2L’idée de spécialiser l’économie politique en différentes branches, dont l’une pourrait être l’économie du développement, a finalement provoqué beaucoup de confusion. L’intention première des pères fondateurs de l’économie politique était d’examiner les contraintes institutionnelles qui s’opposaient à l’accroissement de la prospérité des nations et du bien-être des hommes. C’est en ce sens que, parler d’économie du développement est tautologique ; dangereux aussi, car cette expression implique l’existence de son contraire, une économie du sous-développement. On peut montrer, bien sûr, que certains agencements institutionnels ne favorisent pas le développement. Encore que l’anthropologie montre que chaque société trouve - en fonction de ses données démographiques, ce qui est fondamental - une sorte d’optimum de circulation des richesses.

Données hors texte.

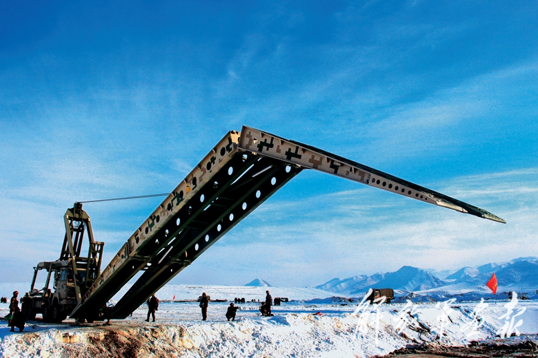 架設(shè)組奔襲至指定地域,標(biāo)定橋軸線、橋礎(chǔ)軸線、倒車線、倒車定位點(diǎn),操作步驟有條不紊、環(huán)環(huán)相扣,隊友間配合默契。橋車到達(dá)架設(shè)點(diǎn)后,保障組迅速就位,展開作業(yè)。10分鐘后,一架20余米長的某新型高原伴隨橋躍然而起,部隊快速通過。
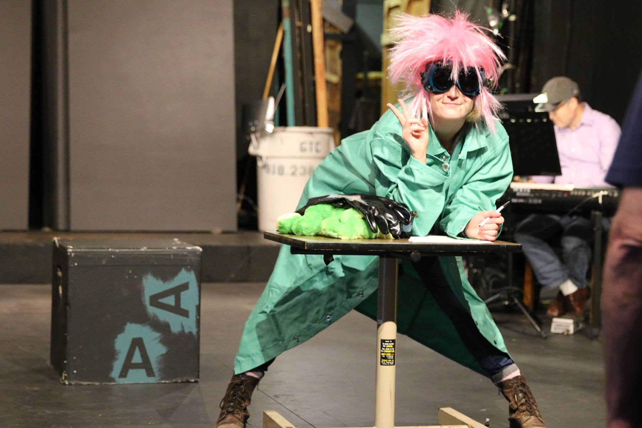 Finally, here’s Sami in her mad science teacher outfit for the number about dissecting a frog. We do that in the number, complete with frog guts, brains, and dismembered limbs. Just a hint to our dear readers – you probably don’t want to sit in the first two rows or you may be called on to participate in this number. Just a warning.

3Or, la réflexion économique est partie d’Occident, à mon sens parce que c’est en Occident que se sont produites les premières grandes ruptures démographiques. Cette réflexion a donné lieu à deux grandes thèses opposées, celle de Malthus et celle de Jean-Baptiste Say. Mais si l’on tient compte de ce “miracle” économique européen et du leader-ship de l’Europe dans le développement, on comprend mal pourquoi la problématique de la révolution industrielle a été écartée du champ de la réflexion économique sur le développement. C’est pourquoi je pense que l’anthropologie a joué un rôle pervers dans l’économie du développement en se concentrant sur les économies non industrialisées, alors qu’elle aurait dû justement proposer une approche globale qui soit utile sur le plan épistémologique pour réfléchir aux mécanismes du changement socio-économique dans tout pays, quel que soit son niveau d’industrialisation.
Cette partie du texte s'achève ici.